Looking at the breakdown, weak net exports were the main source of downside GDP surprise, contributing only 0.1 percentage point (ppt) to GDP growth as against 4ppt contribution in the previous quarter (see figure). As such, domestic demand returned to the driving seat, led by a 4.3ppt private consumption contribution, up from 3.7ppt in 1Q, while government consumption and fixed capital formation also contributed more than in the previous quarter. This left inventory as a net drag on GDP growth of 0.9ppt. 

On the industry side, strong exports supported manufacturing growth, but services remained the main force behind GDP growth. Finance Minister Lim Guan Eng sees 2018 GDP growth at about 5%. The central bank (BNM) cut its forecast today to 5.0% from 5.5-6.0%.

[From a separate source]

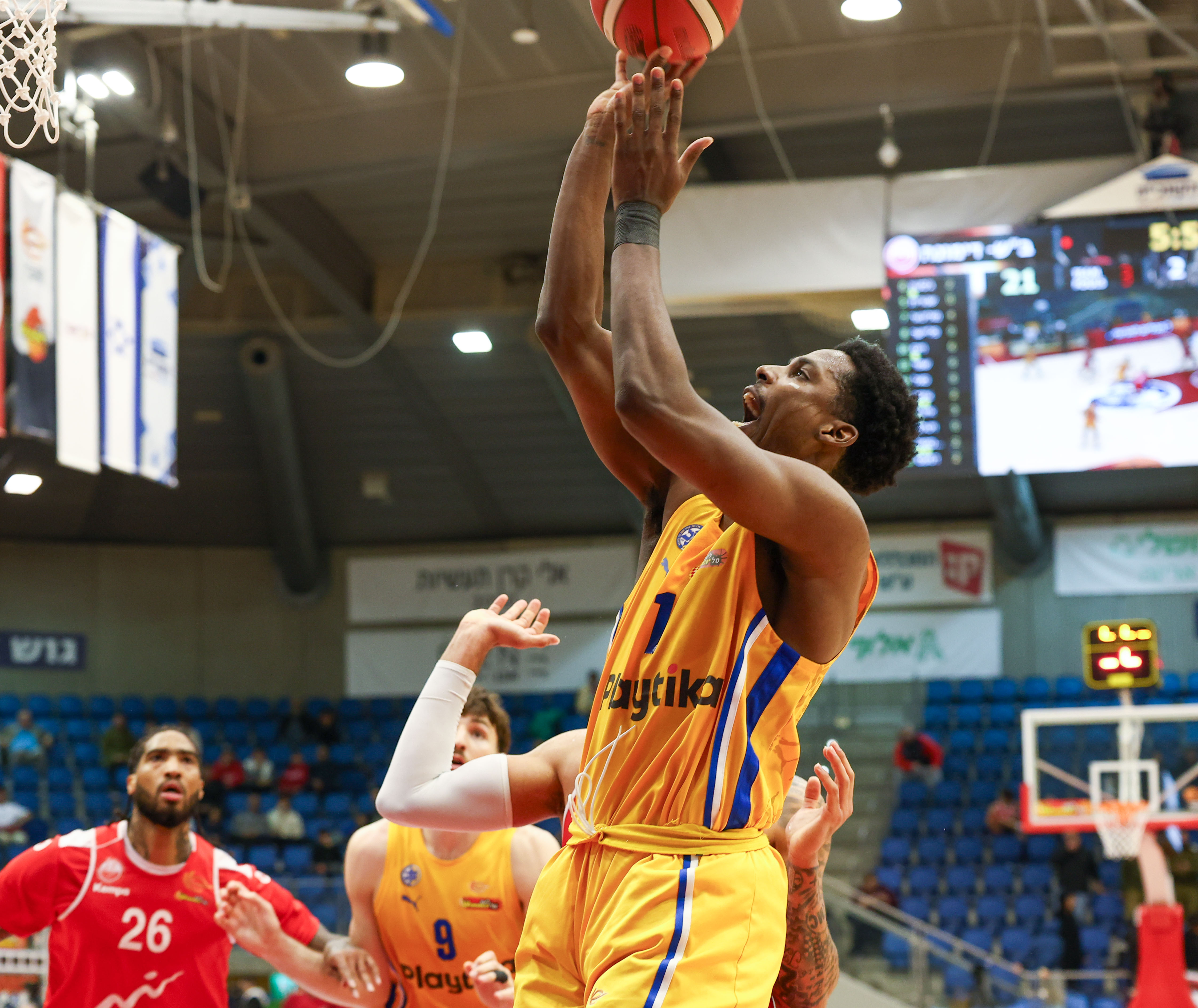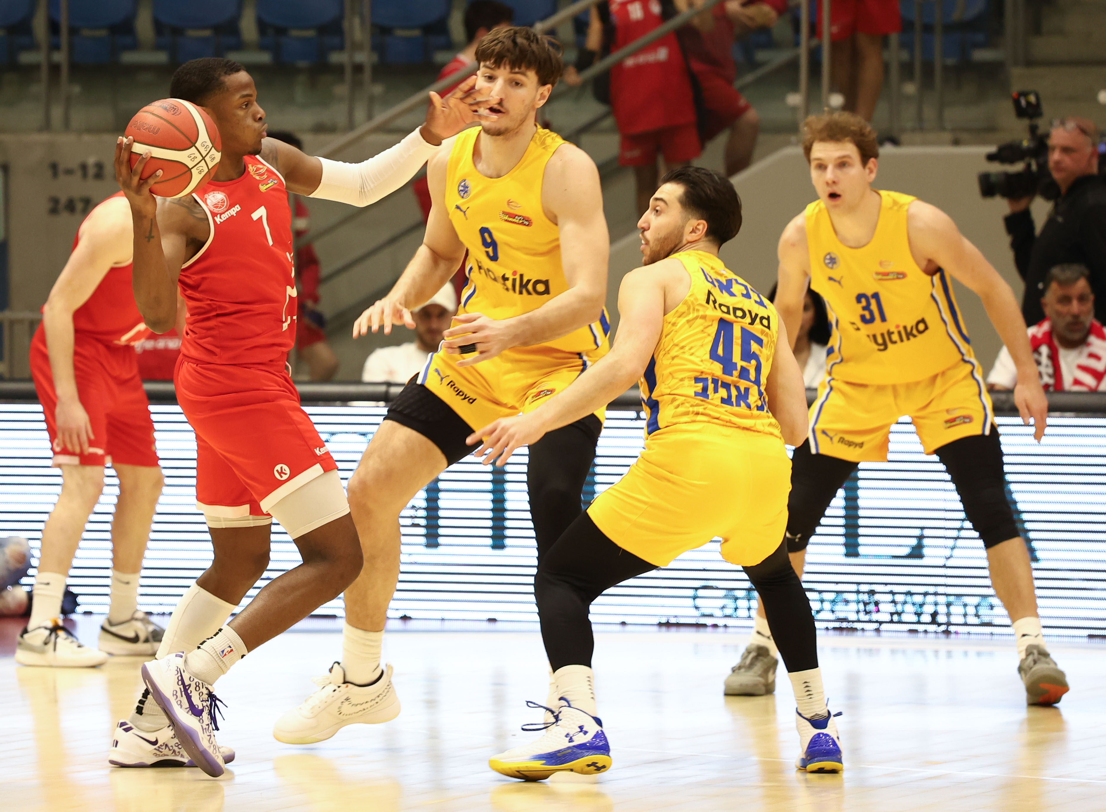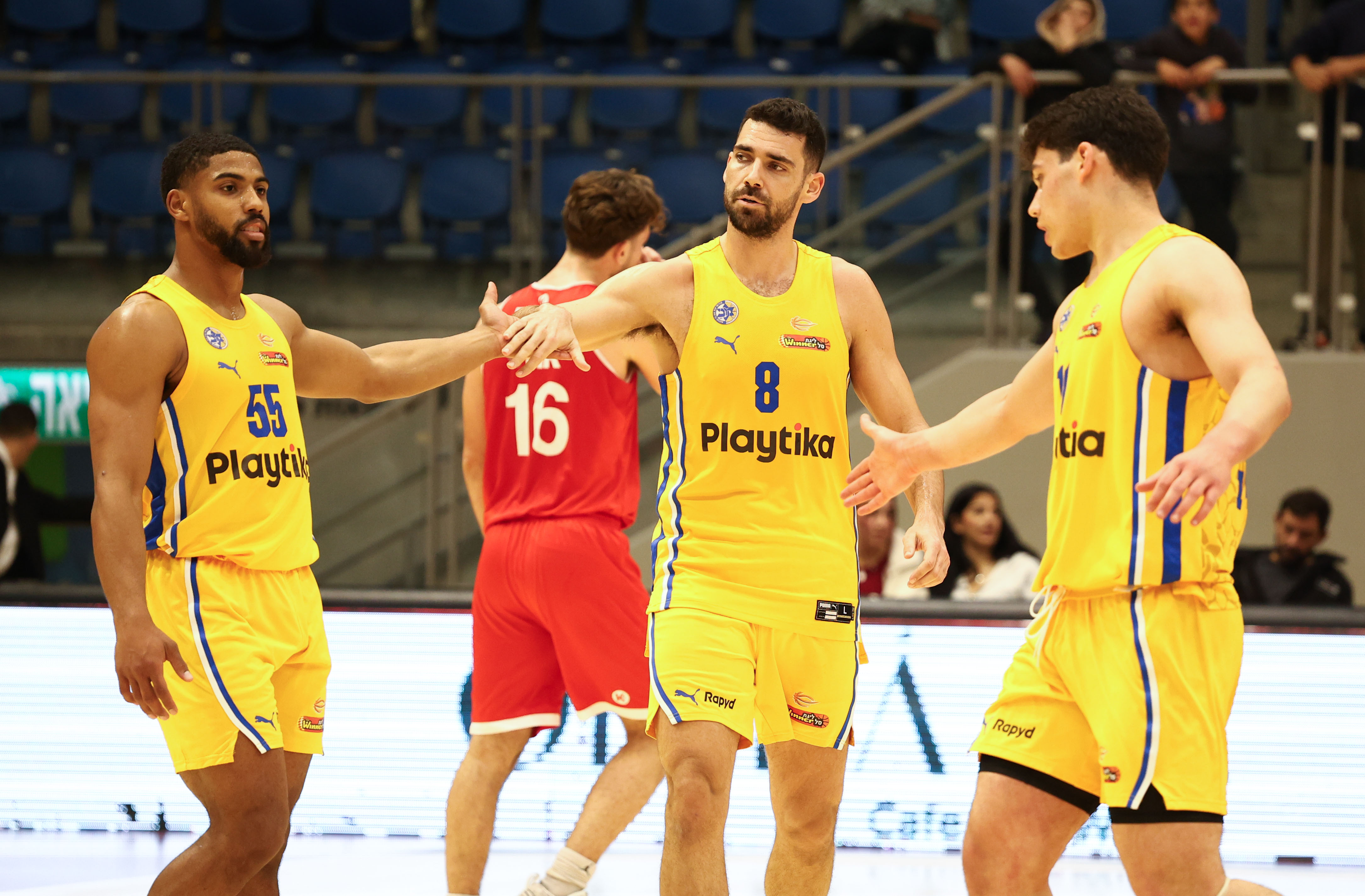 כמו במקרים רבים העונה עודד קטש שוב יכול היה לחלק את הזמנים בין חניכיו, כאשר למעט ליוואי רנדולף – ששיחק 27 דקות – אף שחקן לא מקבל יותר מ־20 כאלה, ולמרות זאת חמישה קלעים מגיעים לספרות כפולות. שני הגבוהים בעמדה חמש הובילו את הרשימה עם דומיננטיות מרשימה מתחת לסלים, כשרומן סורקין קולע 15 נקודות ב־4/5 לשתיים וב־2/2 לשלוש בעוד חסיאל ריברו נכנס לעניינים במשחק הליגה הראשון שלו מאז החזרה מהפציעה עם 14 משלו ב־7/9 לשתיים. תמיר בלאט רשם דאבל־דאבל של 13 נקודות ועשרה אסיסטים, ליוואי רנדולף תרם 12 נקודות – וכל אחד מהם דייק גם שלוש פעמים מחוץ לקשת, ב־50% וב־60% בהתאמה, כששניהם יחד אחראים על שש מעשר השלשות שקלעו הצהובים ב־41.7% יפים. ג'יילן הורד שמר כהרגלו על יציבות עם 12 נקודות משלו כולל 4/6 מקו העונשין, ואילו רוקאס יוקובאיטיס היה רחוק שתי נקודות מדו־ספרתי והוסיף גם ארבעה אסיסטים – אך גם ארבעה איבודים. רפי מנקו אומנם היה היחיד מבין חבריו שקטף יותר מארבעה ריבאונדים עם שישה כדורים חוזרים, אך קבוצתו הצליחה לנצח למרות חמישה כדורים חוזרים בלבד בהתקפה – כשהיא מחפה על כך עם 25 נקודות מאיבודים של היריבה ועם אחוזי דיוק מרשימים של 73.5% לשתיים.

Sources of year-on-year GDP growth

Bloomberg, CEIC, ING
Bloomberg, CEIC, ING

Downgrade of 2018 growth forecast

The weak 2Q GDP report dents our full-year growth forecast. A month ago we revised it to 5.2% from 5.5%. We are now revising it still further to 4.5% as the global trade war will weigh on exports for the rest of the year, and the tight fiscal stance will limit government spending. On the flip side, the GST removal, low inflation, and improved real incomes of households should support consumer spending. 

MYR 3.9bn

Current surplus in 2Q

Down from MYR8.8bn a year ago

Weakening external payments

Reinforcing the weak external sector contribution to GDP growth, the balance of payments data for 2Q (also released alongside GDP data today) showed a significant narrowing in the current account surplus to MYR 3.9bn from MYR 8.8bn a year ago. The goods trade surplus remained strong though, as was evident from the monthly customs trade data. We have also cut our current account surplus forecast for the year to 2% of GDP from 3.5%, which will be a narrowing from 3% in 2017.

Policy implications

Slowing growth and low inflation reinforce our view that the central bank (BNM) will keep monetary policy on hold over the remainder of the year. Things are turning sour for the Malaysian ringgit (MYR), Asia’s outperforming currency so far. The contagion-effect of the US-China trade war is behind our view of the USD/MYR rate rising up to 4.35 by end-2018 (spot 4.10). Until today we were uncomfortable about our view due to continued MYR outperformance in the recent emerging market currency rout. But today’s data raises our confidence in our forecast.